INFINITE STRATOS ~業火の腕で掴むもの~ 作:Mr. P.C.
「だからさ、あたしは別に問題ないから部屋替わってよ。」
「無理な相談だと言っているだろう!」
夜9時、1025室。一夏の目の前で幼馴染みという名の龍虎が対峙していた。
(どうしてこうなった。)
事の始まりは放課後の特訓が終わった後のピットで起こった。ISの操縦で汗だくになったため、箒に先にシャワーを使わせてくれないか尋ねたところに鈴が登場。その時の会話が聞こえていたらしく、箒が退室した後に鈴に言及された。それで面識があった箒とは同室である事を鈴に伝えると―
「へー、なるほど。そっかー。幼馴染みなら良いんだ。」
と、うんうんと頷きながら部屋を後にしてしまった。凄いおっかない表情をしていたのを覚えている。

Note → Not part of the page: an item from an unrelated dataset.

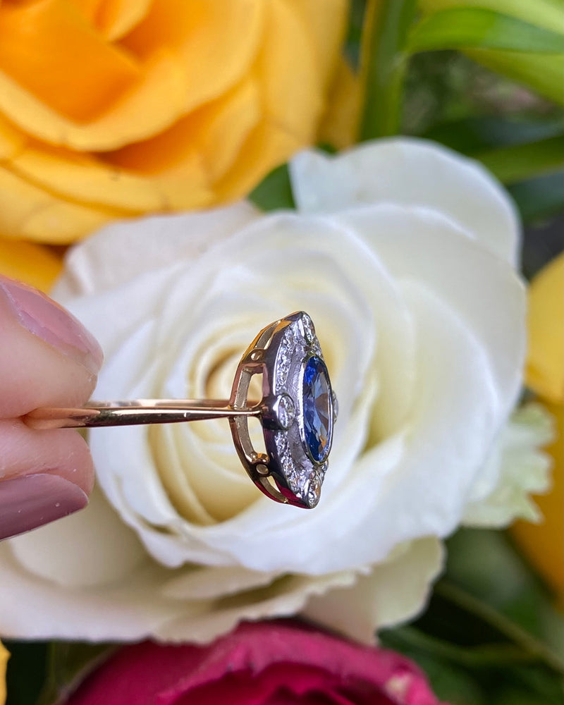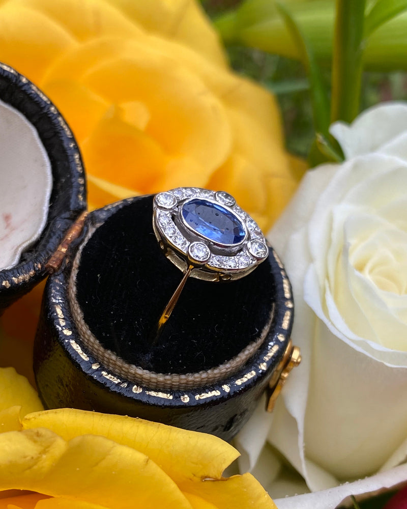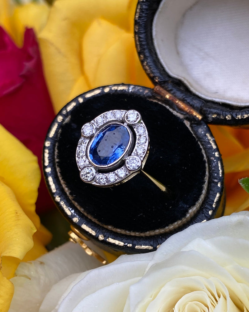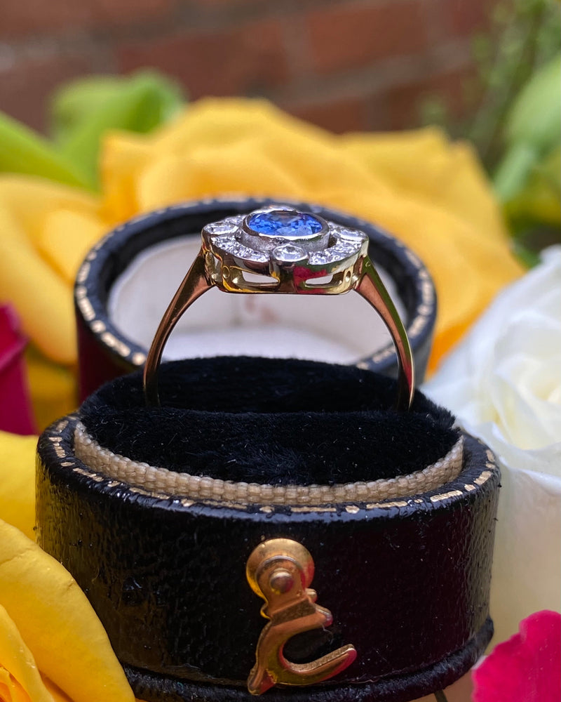 Art Deco Sapphire and Diamond Cluster Ring Platinum 0.35ct + 1.20ct

そして午後8時。部屋で寛いでいたところに鈴が再び現れ、箒に向かって部屋を変われと言い渡した。それに箒が怒り、こうして口論が続いている。
(つーか、すげぇ迷惑なんだが。)
2人を仲裁しようとすると「うるさい!」と一喝され、それならばと部屋を出ようとすると「逃げるな!」と言われる。どうしろと。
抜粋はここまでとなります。